How this connects to the maturity ladder

Shridip’s 5 levels of AI testing maturity puts failure classification at Level 4. The reason is exactly this post: Level 3 (hooks fire on every edit) produces enough test signal that a human cannot triage all of it. Without classification, the team drowns. Tests that fail get disabled to keep CI green. Disabled tests eventually disappear. The hook layer’s gains regress.

R12 is the rule that keeps Level 3’s gains stable. It does not produce the gains itself; the hook layer produces them. R12 prevents the regression.

This is also why R12 lives in the open source core, not in a hosted tier. Without it, hook-based testing slowly fails for non-trivial teams. We could not in good conscience ship the hook layer and put classification behind a paywall.

Concrete example: a test_bug we caught last week

To make this concrete, an example from our own dogfood logs from May 19. Nikhil edited a function in tailtest/core/runner.py that constructed a runner config. The test in tests/test_runner.py had been written six months earlier and asserted that the returned config had a field called runner_path. Nikhil’s edit renamed that field to runner_command.

R15 had generated a test in tests/adversarial/test_runner_adv.py that asserted on runner_command. The original test still asserted on runner_path. Both ran. The R15 one passed; the original failed.

R12 inputs for the failure:

Failure category: AttributeError (field not found)
Recency: source edited this turn, test 184 days old
Failure message: contains the old field name
Match: agent just renamed runner_path to runner_command per the diff

R12 output: test_bug, confidence 0.94.

The agent read the label, opened the test file, updated the assertion from runner_path to runner_command, re-ran. The test passed. Total turn cost: 12 seconds. Without R12 the agent might have read the failure raw and rolled back the rename, undoing a deliberate API improvement. We have seen this happen on other codebases.

Why this is fundamentally an AI-coding-era problem

Pre-AI, test_bug situations were rare. Humans renamed a field intentionally, knew the tests referenced the old name, and fixed both at once. The rename and the test update sat in the same commit. The failure mode I described above did not exist because the human held both files in their head.

AI agents do not hold both files in their head. They edit the file they were told to edit. The test file is somewhere else. If the agent does not read the test file in this turn, the rename leaks. PostToolUse catches the leak. R12 tells the agent the leak is a test_bug, not a real_bug. The agent updates the test.
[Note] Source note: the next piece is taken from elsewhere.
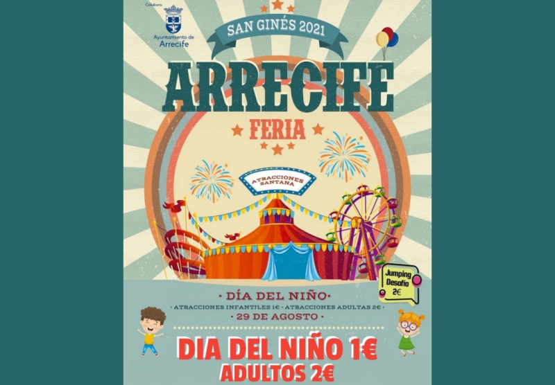 Los niños y los no tan niños tendrán una nueva jornada especial el próximo domingo 29 de agosto en la feria de Arrecife, ya que para celebrar el Día del Niño los menores pagarán por las atracciones infantiles un único euro y los adultos pagarán dos euros por las de adultos.
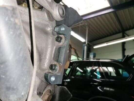 - Monter l'adaptateur avec les composants nécessaires et vérifier ensuite si de nouvelles conduites de frein sont éventuellement nécessaires, car il se peut, selon le modèle, que les anciennes ne soient pas assez longues ou que leur raccord ne soit pas adapté. Nous recommandons de passer à des conduites flexibles en acier en raison de leur efficacité nettement supérieure. Nous avons développé un configurateur de conduites flexibles en acier spécialement pour ce mode de fonctionnement, dans lequel tu peux les assembler selon tes souhaits et les poser ensuite. Cliquez ici pour accéder au configurateur de flexibles en acier >> Configurer une conduite de frein en acier flexible <<.

This entire loop is invisible in human-written code. It is mandatory in agent-written code. The economics of test_bug as a class of failure are new, which is why the rule had to be new.

Where to read more

The agent edits platform page describes where R12 plugs in. The hook-based testing explained post covers the broader hook architecture. The R15 adversarial mode post covers the rule R12 most often classifies the output of.

FAQ

What does test_bug mean in AI test failure classification?

A test_bug failure means the test itself is wrong, not the code under test. Stale assertion, renamed field, outdated mock. The right next action is to fix the test, not the source code.

Can R12 be wrong?

Yes. R12 is a heuristic decision tree with a confidence score. Labels below 0.7 confidence are downgraded to “uncertain” and surfaced for human review. Empirically R12 is correct around 92 percent of the time at the 0.7 threshold.
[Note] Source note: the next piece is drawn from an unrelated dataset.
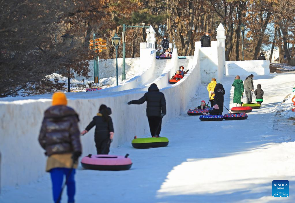 Tourists play on snow tubes in Shenyang Expo Garden in Shenyang, northeast China's Liaoning Province, Jan. 3, 2023. (Xinhua/Yang Qing)

What happens when R12 returns “environment”?

The agent does not edit either the test or the source. The failure is logged and surfaced to the user. Environment failures usually need human intervention (start a database, free up memory, configure a missing service).

Why not use an LLM as the classifier?

We tried. LLM-based classification was less consistent than the deterministic decision tree (around 84 percent vs 92 percent in matched conditions) and more expensive (3.2x the API cost). The decision tree has hand-tuned heuristics that capture the structure better than a prompt does.

Does R12 work outside Python?

Yes. The category-from-runner step varies per runner (pytest vs Jest vs Vitest vs Go test), but the decision tree is language-agnostic. The classification labels are the same regardless of runner.